I apologize (two days in a row, wow!)… this blog entry is really discombobulated and … eh, I don’t like it but at the same time I want to put it out there.  So, pardon the not completely put together and well-thought-out post…. I tried and failed, and tried and failed, and tried and failed… and gave up… it is what it is!

As dog handlers (and as humans in general), we take risks each and every single day–whether that is walking across the street or letting a dog off-leash in the woods.  When you think about it, there are very few, if any, truly risk-free activities–nearly every activity has some thing that could go wrong in some way or another.  I feel like I’m seeing more and more risky behavior without any regard for the dog (or it doesn’t seem like there is any regard for the dog)–off leash dogs with no supervision, under-socialized dogs being brought to large and loud events, dogs being forced into very uncomfortable situations (any number of these), prong collar on a 70lbdog attached to a flexi leash, etc .  Although risk is inherent in many parts of life, what we must do is weigh the risks we encounter and make choices on behalf of our dogs and ourselves–and if we choose to risk-it, we must be willing to accept the consequences of those decisions.  Hopefully most people are making choices that they feel are in the best interest of their dogs and not just convenience or  appearances.

In my everyday life, there are many things that are risky and could easily result in the loss, injury or even death of either of the pups (or myself for that matter).  I used to walk the dogs after midnight when I lived in NY and although the dogs wore blinky lights and I wore a reflective vest, there was still a reasonable chance that we could get hit by a car while walking across the street, could encounter less than savory people on our walk or any number of things could happen while walking in the dark.  But, the benefits of the walk far outweighed the risks of loss, injury or death–we encountered fewer dogs, it was cooler in summer, it was late enough that the dogs wouldn’t need to get up early to potty, fewer cars, fewer people, not as many squirrels (or not as many seen), and no other dogs in my building were out at that point (no getting caught in the hallways together).  It was a risk for sure but one that I mitigated enough with lights, a set path that kept me close to homes and occupied areas, and carried a loud whistle to make it, well, less risky.  I really did have to think about those walks and decide if they were worth it or if a short potty trip would suffice.

I’ve also had to really evaluate the off-leash time my dogs get, especially since bringing a young Rio into the family.  Every time I unhook the dogs and let them race around the farm and the woods, I’m taking a risk.  But, I’ve thought about the benefits, consequences and quality of life for my dogs and deemed off-leash experiences to be low enough risk with ample rewards to make it an easy choice.  I’m also well aware that things could absolutely go wrong (I mean, Shayne is so very injury prone!) and I would have to cope with vet bills or worse.  I do what I can to limit the risks but it is certainly not risk free and I’m aware of that during each off-leash adventure.

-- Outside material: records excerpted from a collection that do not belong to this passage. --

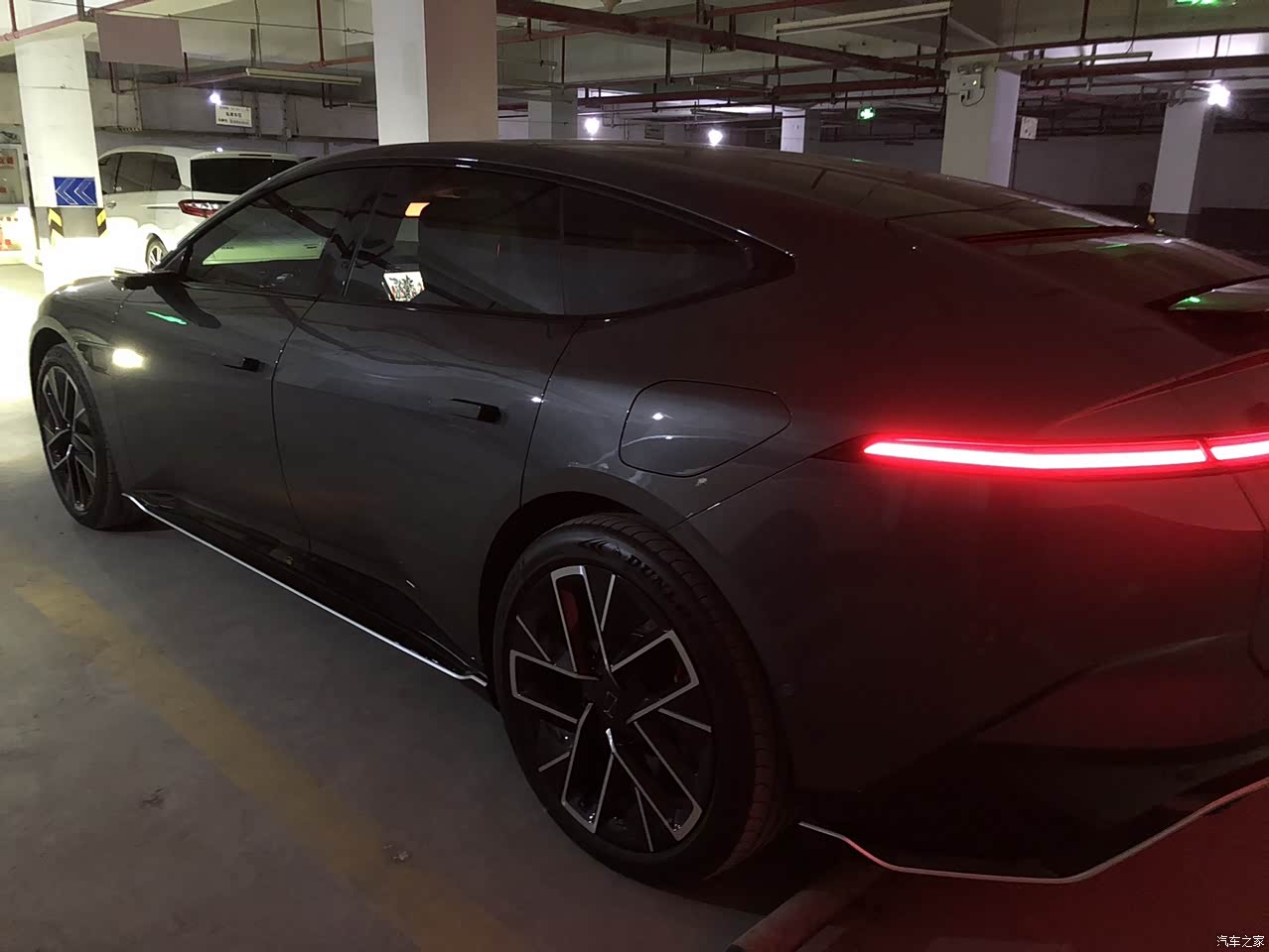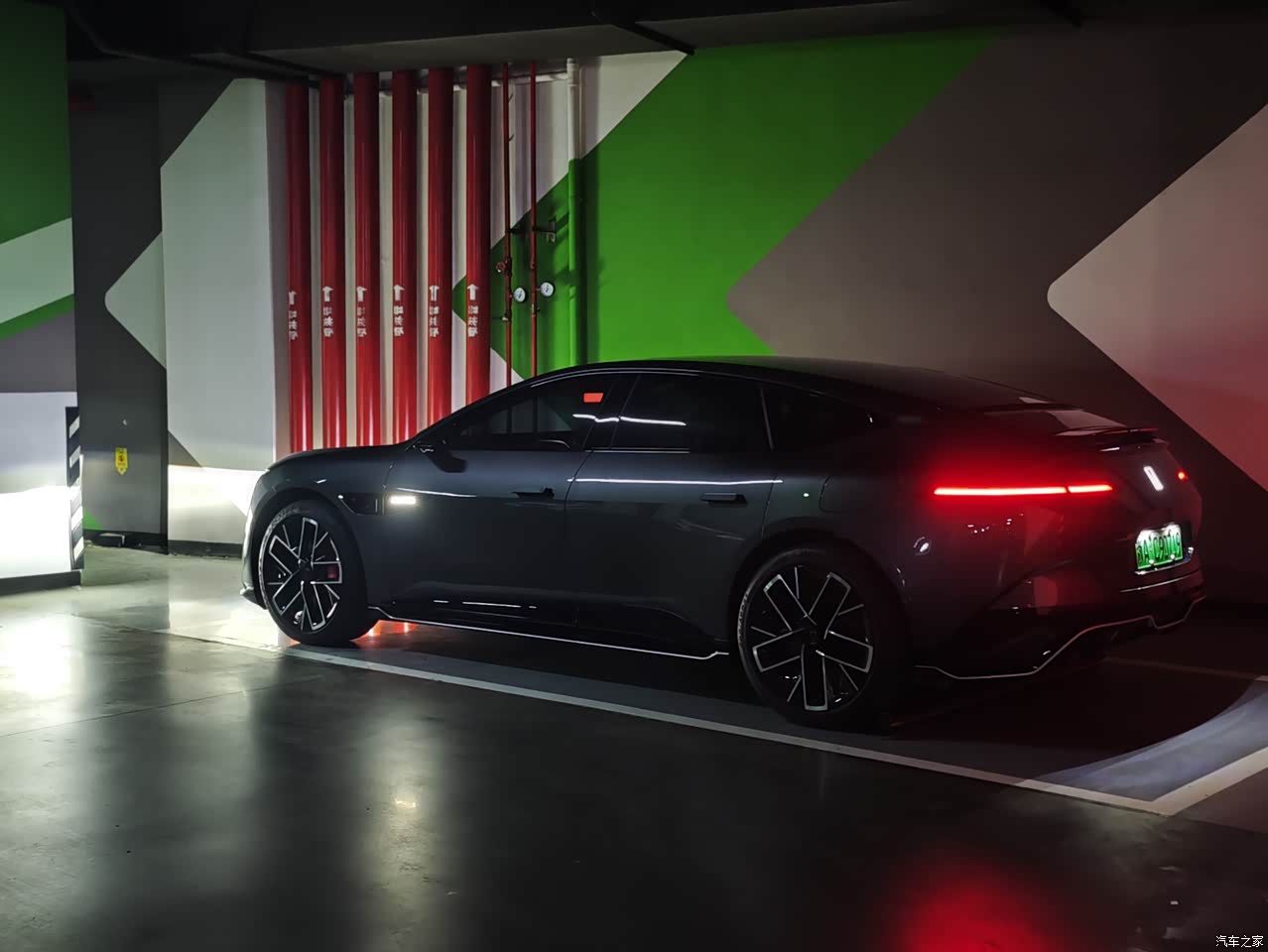 前后logo灯和迎宾灯的设计非常炸裂,开出去辨识度极高,整体车身流线设计理念超前。电子外后视镜和尾翼也是吸睛亮点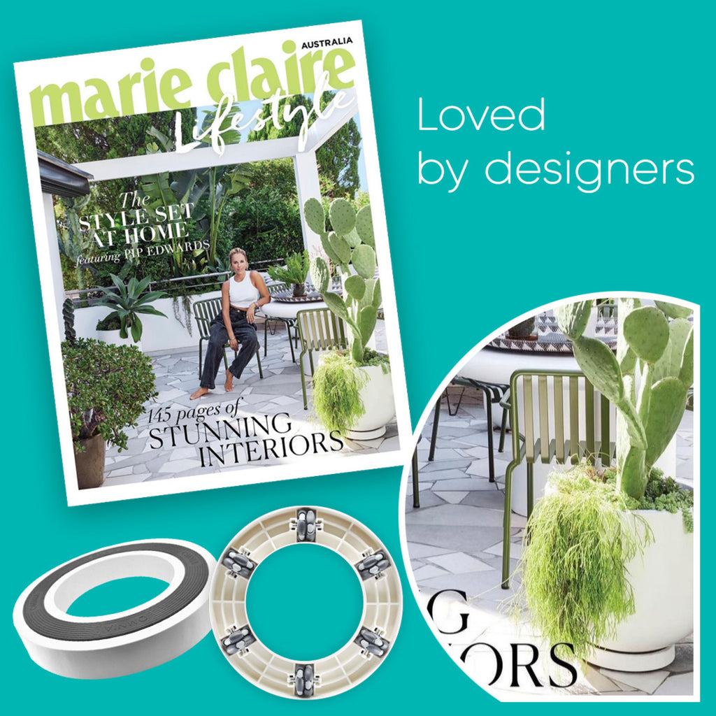 Unlike castor wheel products, the revolutionary omni-directional wheelbase allows you to move heavy pot plants (up to 50kg) without catching in cracks and gaps or tipping over. The six-wheel radial design gives Plant Glider unrivalled load stability and seamless directional control across a range of hard surfaces, including polished indoor floor boards, vinyl, tiles, pavers, concrete, crazy pavers, bricks, decks and more.*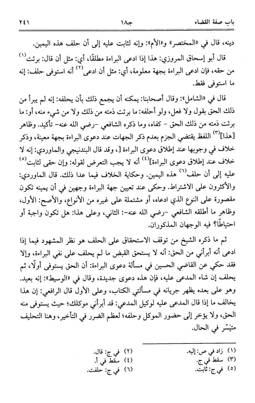 قال أبو إسحاق المروزي: هذا إذا ادعى البراءة مطلقاً، أي: مثل أن قال: برئت من حقه، فإن ادعى البراءة بجهة معلومة، أي: مثل أن ادعى أنه استوفى حلف: إنه ما استوفى فقط.

The ‘riskier’ behaviors I either engage in, or not, are all, at the least, thought about before going forward.  What frustrates me is seeing dog handlers either not aware of the risks they are exposing themselves and their dogs to or that they actively choose to ignore the known risks (and also refuse to take responsibility if things go wrong).  I know many of the things I do with my dogs have risks… but I do make sure the well-being of my dogs are first and foremost in the decision making process.  I love having Shayne next to me while I drive… but it’s not safe for me and not safe for her… the benefits do not outweigh the risks so I don’t do it.

While, you can’t live in fear of unlikely risks (or shouldn’t), you also need to be aware of the risks involved with various activities and, with the dog’s best interest in mind, make a choice whether or not that activity is worth the risk.  I guess I just wish people would stop and think about the choices they are making for their dog and how they may affect the dog’s well being.

8 Comments
  1. There is a balance. For instance there was a time that Bailey could not ride in the back of the car without being violently ill for the entire ride. When we got him from rescue he threw up from CT to MA the whole ride. So until he finally outgrew that issue when he needed to be in the car he rode belted in in the front. The risks of a car accident vs. the damage to his system from being ill were balanced, evaluated and we took the risk we felt were in his best interests. Thankfully he can ride buckled in the back now. It has never been an issue with Katy.

  2. great post! I’m glad to hear that the benefits of off-leash time outweigh the risks (though i’m sure it depends on the location) for you! I can’t imagine anything more fun for Gwynn than getting to run around in the woods and explore things just off-trail. The campground he’s at right now has a large number of bears, so the risk outweighs the benefits, and he is on-leash except in the off-leash fenced in park they provided. Ontario also has a great many rules that keep dogs on-leash most places, unfortunately. Luckily, on trails and in wooded parks, no-one complains about off-leash time… though getting a fine is a risk that I take into account when letting him off to run around.

    • It most definitely depends on the location…. there are very little benefits and TONS of risk with letting the dogs off-leash say, on the side of the high way.. so I woudln’t do it. But i could never forgive myself if these two nutso dogs didn’t get lots of time off-leash exploring.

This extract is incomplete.